Sutton and Brockway studied the bond lengths in chloromethane, dichloromethane and chloroform back in 1935 by electron diffraction.[1] Their results indicate that the $\ce{C-Cl}$ bond lengths don’t vary between the compounds in question as indicated in the table below. (Note that all chlorine atoms in each molecule are homotopic and thus equal bond lengths are theoretically expected.)

$$\begin{array}{lccc}\hline \text{Compound} & \ce{CH3Cl} & \ce{CH2Cl2} & \ce{CHCl3}\\ \hline d(\ce{C-Cl})/\mathrm{pm} & 177 & 177\phantom{^\circ} & 178\phantom{^\circ} \\ \angle(\ce{Cl-C-Cl}) & \text{n. a.} & 111^\circ & 111^\circ \\ \hline\end{array}$$

These results point towards the chlorine side of things not having an impact. But there is still the hydrogen side of things. Hydrogen atoms are generally very hard to locate in diffraction type experiments. X ray diffraction is observed if photons interact with electrons in a certain manner; hydrogen atoms do not have many electrons around them and are thus hardly seen. One needs to observe diffraction at very large angles to be able to locate hydrogens. I assume, although I don’t know, that it’s similar in electron diffraction. Indeed, the paper notes:

[…] and $l_{\ce{C-H}}$ was taken as $1.06~\mathrm{\overset{\circ}{A}}$.

The two carbons in chloromethane and chloroform are, however, very much not identical. One is surrounded by three electronegative chlorine atoms which will strongly remove electron density from it, polarising the $\ce{C-Cl}$ bonds towards each of the three chlorines. The other will have only one such withdrawing partner. The different electron densities around chlorine are well represented by the corresponding $\ce{^13C}$ NMR shifts: $\delta(\ce{CH3Cl}) \approx 22~\mathrm{ppm}$; $\delta(\ce{CHCl3}) \approx 77~\mathrm{ppm}$.[2] The hydrogen shifts are also different in similar magnitudes, showing that hydrogen in chloroform is much more polarised than in chloromethane.

These different electronics must have an influence on the $\ce{C-H}$ bond length of the two molecules. I can’t imagine two electronically such different systems to have equal bond lengths. My assumption is that $\ce{CH3Cl}$ should have the shorter $\ce{C-H}$ bond lengths, since carbon is more negatively charged while hydrogen remains positively charged; this should give a slightly greater attractive force and hydrogen, being such a small element, immediately feels these.
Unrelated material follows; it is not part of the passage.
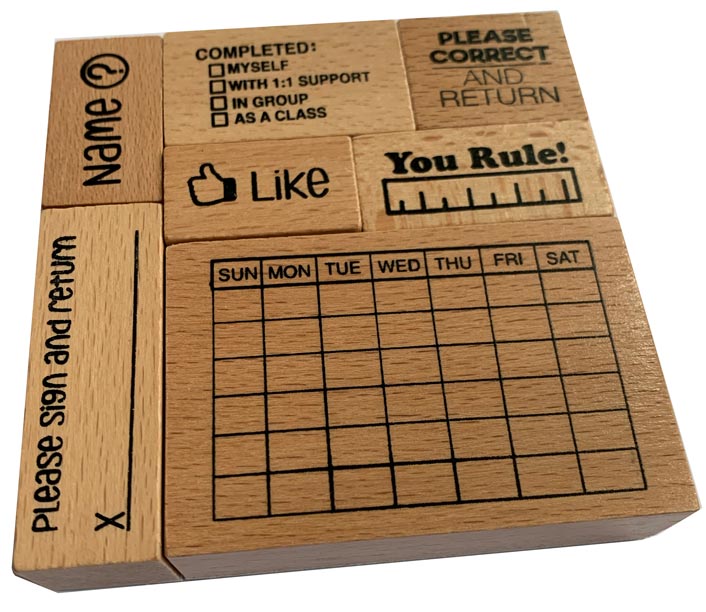 Stamps are quality rubber mounted on durable wooden blocks for a comfortable grip. The block itself is 2 cm in height with the cushion and rubber making the stamp 2.4 cm in height. Designs are printed on the top of the stamp for easy use and identification.

Therefore, instead of the final dipole vector $\vec d$ being equal in both cases ($\vec d = \vec x + \vec y$), we have one lesser and one stronger vector.

$$\begin{gather}\vec d_{\ce{CH3Cl}} = \vec x + \vec y + \delta\vec y\tag{1}\\ \vec d_{\ce{CHCl3}} = \vec x + \vec y - \delta\vec y\tag{2}\end{gather}$$


References:

[1]: L. E. Sutton, L. O. Brockway, J. Am. Chem. Soc. 1935, 57, 473. DOI: 10.1021/ja01306a026.

[2]: Experimental spectra found for chloromethane/chloroform on SciFinder.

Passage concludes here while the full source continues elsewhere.